If you want to run in the vite environment, the imported package should be changed to

import Web3 from 'web3/dist/web3.min.js'

Reference link: GitHub - ChainSafe/web3.js: Ethereum JavaScript API

You can configure vite.config.js to set the web3 alias to 'web3/dist/web3.min.js', so that you can directly import web3

=====================

The direction of the web3 library and the ethersjs library are the same

Compared with web3, the implementation of ethers is more suitable for beginners, and the demolition is more detailed

So I suggest you use the ethersjs library

ethers.js

What is ethers.js — ethers.js 3.0.0 documentation

web3.js

Introduction — Web3.py 5.29.2 documentation

 ================================

When using walletConnector, an error will be reported that global is not define

Refer to the official website, because walletConnetor still relies on many packages of the nodejs operating environment

This solution can also solve the error that web3 does not have globally

Download the package @esbuild-plugins/node-globals-polyfill

yarn add -D @esbuild-plugins/node-globals-polyfill

yarn add -D stream-browserify

yarn add -D crypto-browserify
// or download with npm

npm install -D @esbuild-plugins/node-globals-polyfill

npm install -D stream-browserify

npm install -D crypto-browserify

 Then configure it in vite.config.js

import { defineConfig } from 'vite'

import { NodeGlobalsPolyfillPlugin } from '@esbuild-plugins/node-globals-polyfill'

//if you're using a create-vite framework template, you can also 
//import the vite plugin for that specific framework and add it in vite.config.js
//for more support. 
//For example, for vite.js react-ts template, you need to:
//import react from '@vitejs/plugin-react'
// and then add plugins: [react()] below

export default defineConfig({
  resolve: {
    alias: {
      stream: "stream-browserify",
      crypto: 'crypto-browserify',
      assert: 'assert'
    },
  },
  optimizeDeps: {
    esbuildOptions: {
      // Node.js global to browser globalThis
      define: {
        global: "globalThis",
      },
      // Enable esbuild polyfill plugins
      plugins: [
        NodeGlobalsPolyfillPlugin({
          process: true,
          buffer: true,
        }),
      ],
    },
  },
});

reference

Core - Blocknative Documentation

Personally, I think this kind of configuration is still too troublesome, so we need to know why it needs the nodejs package, and what should we do if we encounter this kind of problem in the future? Do you read my articles every time?
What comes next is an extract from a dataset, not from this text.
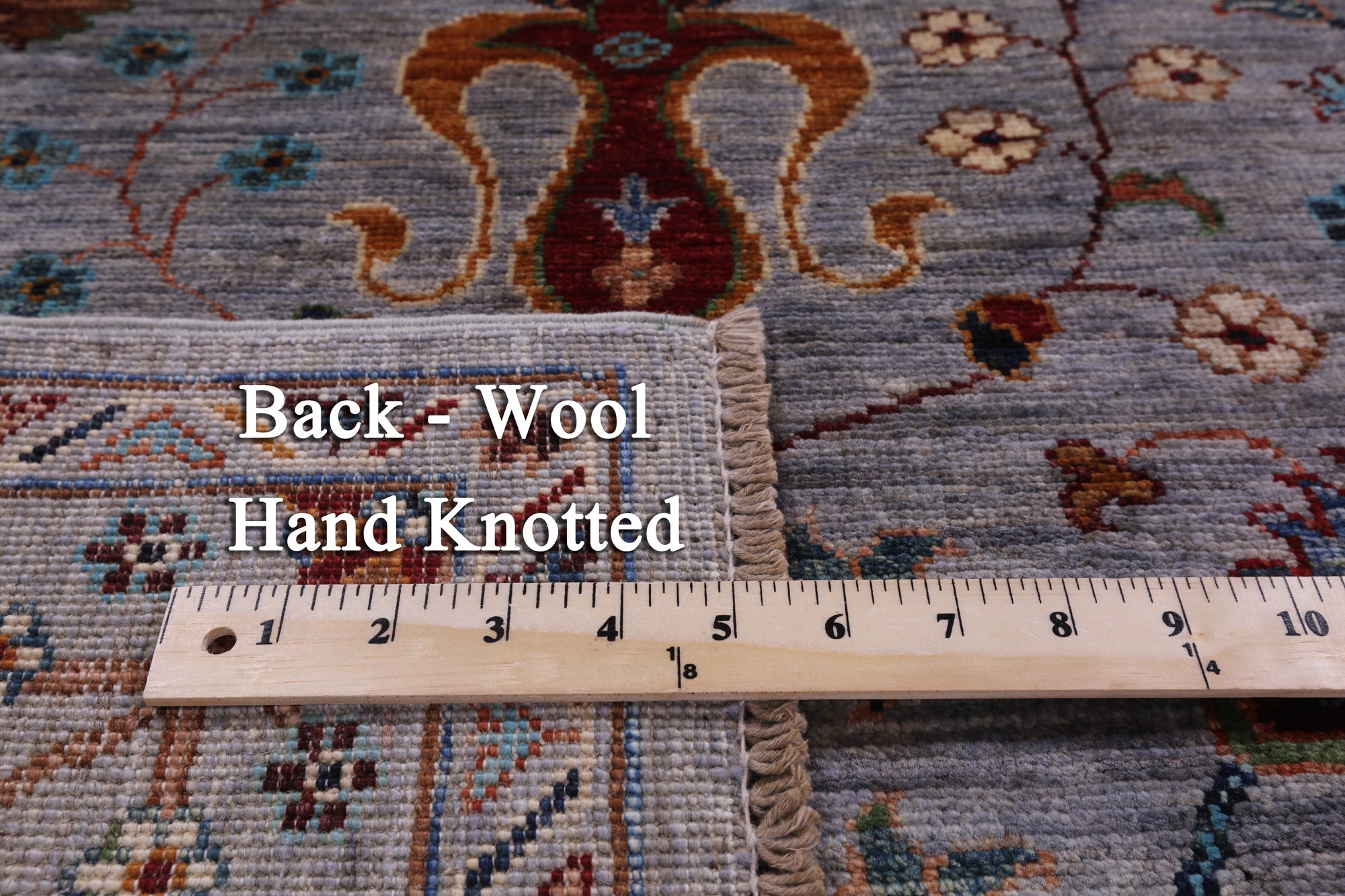 This is a genuine hand knotted cut pile rug, not tufted, hooked, or machine made. All we do is hand knotted.

Let's think about it carefully, why does the web front-end project need the nodejs package, isn't this funny?

Because the environment we usually develop is a runtime environment, it can be understood as an environment where various messy compilations will be performed during the running process

But in fact, what our web environment needs is very simple, which is the final .js file, because we can only run .js files

So we only need to check the final js module in their library, you can go directly to node_modules/xxx to find that .min.js is the compiled file it finally packaged (usually there will be, no more)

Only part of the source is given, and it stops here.